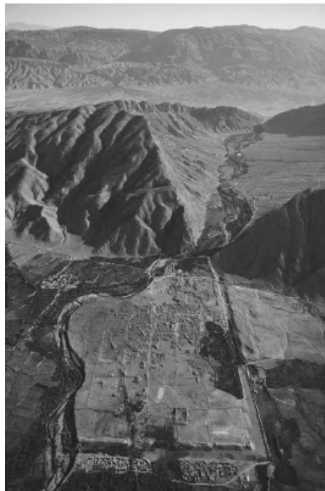
تصویر ۲. موقعیت شهر بیشاپور (Brosius, 2006: 171).

که از راه دروازه‌های پارس به خوزستان می‌رسید، شرکت داشتند (برونر، ۱۳۹۳: ۱۵۴). همچنین آن‌ها پلی را روی رودخانه شوشتر مهندسی کردند (یعقوبی، ج. ۱، ۱۳۸۲: ۱۹۵). افزون بر مسیرهای ذکر شده، بیشاپور در میان راه دو شهر بزرگ دوره ساسانی، یعنی اردشیرخوره و شوش قرارداداشت و جاده‌ای دیگر آن را به شیراز متصل می‌کرد (گروسی، ۱۳۸۸: ۱۸)، (تصویر ۲)؛ با توجه به مطالب گفته شده، می‌توان «شاهنشاهی ساسانی» را به عنوان یک «امپراتوری شبکه‌ای» در نظر گرفت. در مدل امپراتوری شبکه‌ای، سرزمین‌ها از یک شبکه راهرویی تشکیل شده‌اند که گره‌های جذاب منابع یا همان شهرها را به هم پیوند می‌دهند (Smith, 2007: 29). آن چه در پی می‌آید، شواهد بیشتری را در این مورد آشکار می‌سازد.
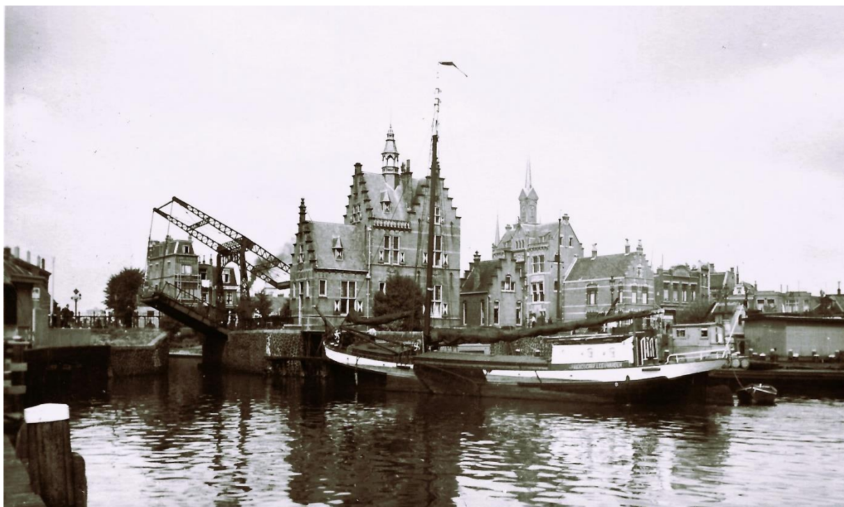
Een klipper vaart de toegang naar de Grootte of Hondsbosche sluis en moet eerst de 'kleine' Wilhelminabrug passeren. Is het schip de brug eenmaal gepasseerd zal de mast gestereken moeten worden om verder te varen want over de Grootte Sluis ligt een vaste brug.
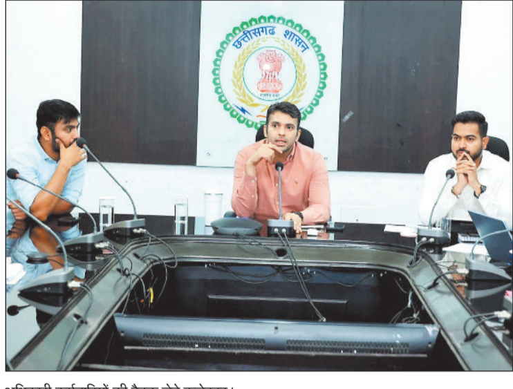
अधिकारी कर्मचारियों की बैठक लेते कलेक्टर।

कलेक्टर ने कहा कि जिले में संचालित उद्योगों में बड़ी संख्या में श्रमिक कार्यरत हैं। ऐसे में औद्योगिक इकाइयों में सुरक्षा मानकों का पालन सुनिश्चित किया जाना अत्यंत आवश्यक है। उन्होंने सभी एसडीएम को समस्त औद्योगिक इकाइयों की सतत जांच एवं निगरानी करने तथा साप्ताहिक रिपोर्ट प्रस्तुत करने के निर्देश दिए। साथ ही नेटवर्क विहीन क्षेत्रों की सूची उपलब्ध कराने को कहा गया, ताकि वहां मोबाइल टावर स्थापना की पहल की जा सके। कलेक्टर ने आयुष्मान कार्ड पंजीयन एवं पीवीसी कार्ड वितरण, नवीन आधार
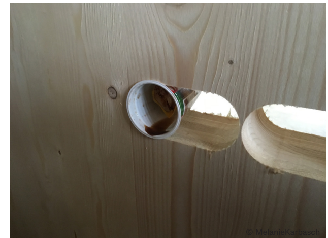
Sichtbare Holzoberflächen . Ausbau
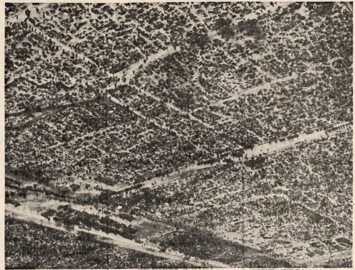
Sajungininkai tikrai "pasišienavo", kai į jų rankas pateko 160,000 vokiečių. Šis paveikslas buvo nutrauktas iš lėktuvo kažkur Vokietijoje.
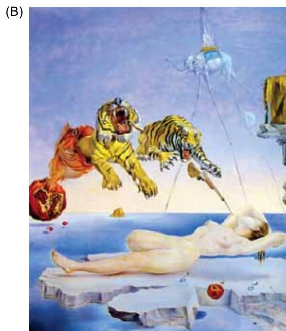
(Salvador Dalí. Sonho causado pelo voo de uma abelha ao redor de uma romã um segundo antes de acordar .)
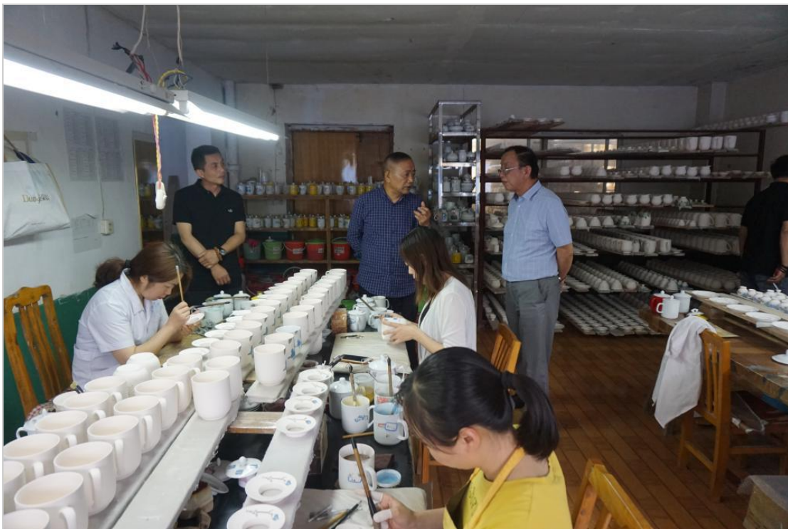
参观湖南省醴陵市官润窑艺术瓷厂生产车间
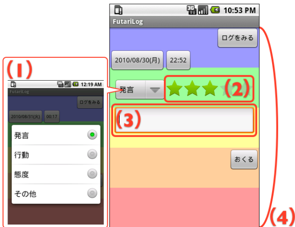
図 3. 相手の行動のログを記録する際に用いる画面： (1) ログに残したい相手の動きの種類を「表情」「行動」「態度」「その他」の中から選択する。(2) 自分の気持ちを星の数で表す。(3) コメントを残す。(4) 相手が記録した感情のログのうち、最新の 5 件を背景色で上から順に表示する。
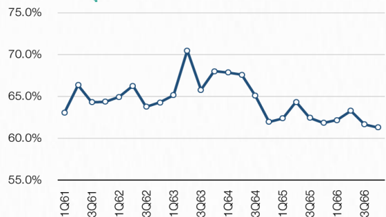
ต้นทุนกิจการโรงพยาบาลต่อรายได้
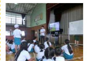
【EXPOタイム：ドイツ編 後半はゲームにも挑戦！】
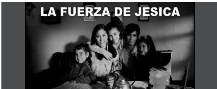
1. "La fuerza de" (aquí los nombres varían de acuerdo a cada spot).

La descripción de la secuencia final que comparten todos estos spots, producidos para las elecciones generales, es la siguiente:
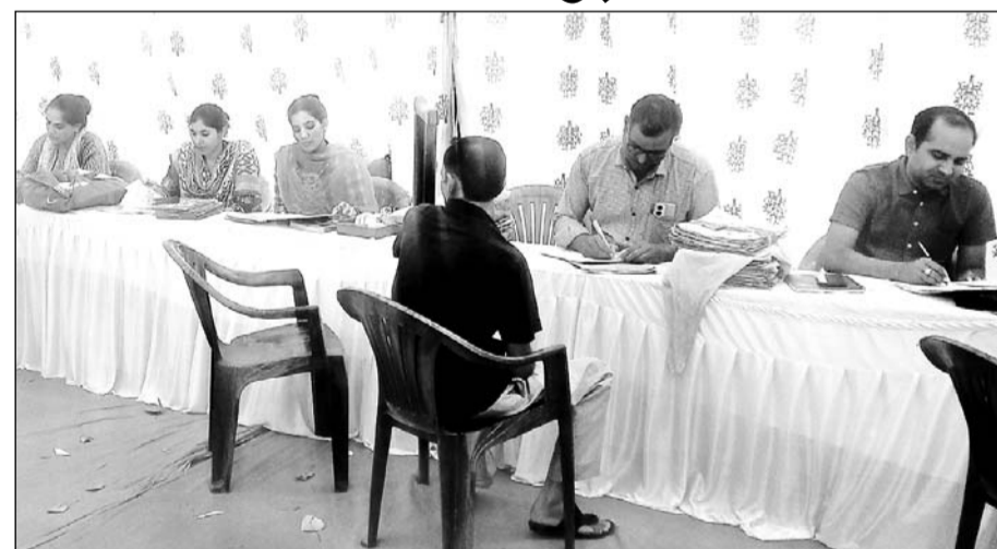
महंगाई राहत कैम्प में कर्मचारी अधिकांश समय खाली बैठे दिखाई पड़े।

कुछ लोगों का कहना है कि सरकार की ओर से इन शिविरों का लगाए जाने का कोई औचित्य नहीं है क्योंकि सरकार के पास व समस्त आंकड़े मौजूद पहले से ही हैं जो सरकार शिविर में पंजीयन के जरिए इकट्ठा करना चाहती है। कुछ जन प्रतिनिधियों ने यह भी बताया कि 2 माह तक लगातार शिविर आयोजित होने की वजह से नगरपालिका के कई महत्वपूर्ण कार्य एक प्रकार से टप हो जाएँ जो विकास में प्रमुख रूप से भूमिका निभाते हैं।

-*-*-

• **ACTION ITEM**
The lines holding the word "تصویر" are the answer. Find them in the entries and copy them.

• **ANSWER TO THE EXERCISE**
تصویر ۲. موقعیت شهر بیشاپور (Brosius, 2006: 171).
که از راه دروازه‌های پارس به خوزستان می‌رسید، شرکت داشتند (برونر، ۱۳۹۳: ۱۵۴). همچنین آن‌ها پلی را روی رودخانه شوشتر مهندسی کردند (یعقوبی، ج. ۱، ۱۳۸۲: ۱۹۵). افزون بر مسیرهای ذکر شده، بیشاپور در میان راه دو شهر بزرگ دوره ساسانی، یعنی اردشیرخوره و شوش قرارداداشت و جاده‌ای دیگر آن را به شیراز متصل می‌کرد (گروسی، ۱۳۸۸: ۱۸)، (تصویر ۲)؛ با توجه به مطالب گفته شده، می‌توان «شاهنشاهی ساسانی» را به عنوان یک «امپراتوری شبکه‌ای» در نظر گرفت. در مدل امپراتوری شبکه‌ای، سرزمین‌ها از یک شبکه راهرویی تشکیل شده‌اند که گره‌های جذاب منابع یا همان شهرها را به هم پیوند می‌دهند (Smith, 2007: 29). آن چه در پی می‌آید، شواهد بیشتری را در این مورد آشکار می‌سازد.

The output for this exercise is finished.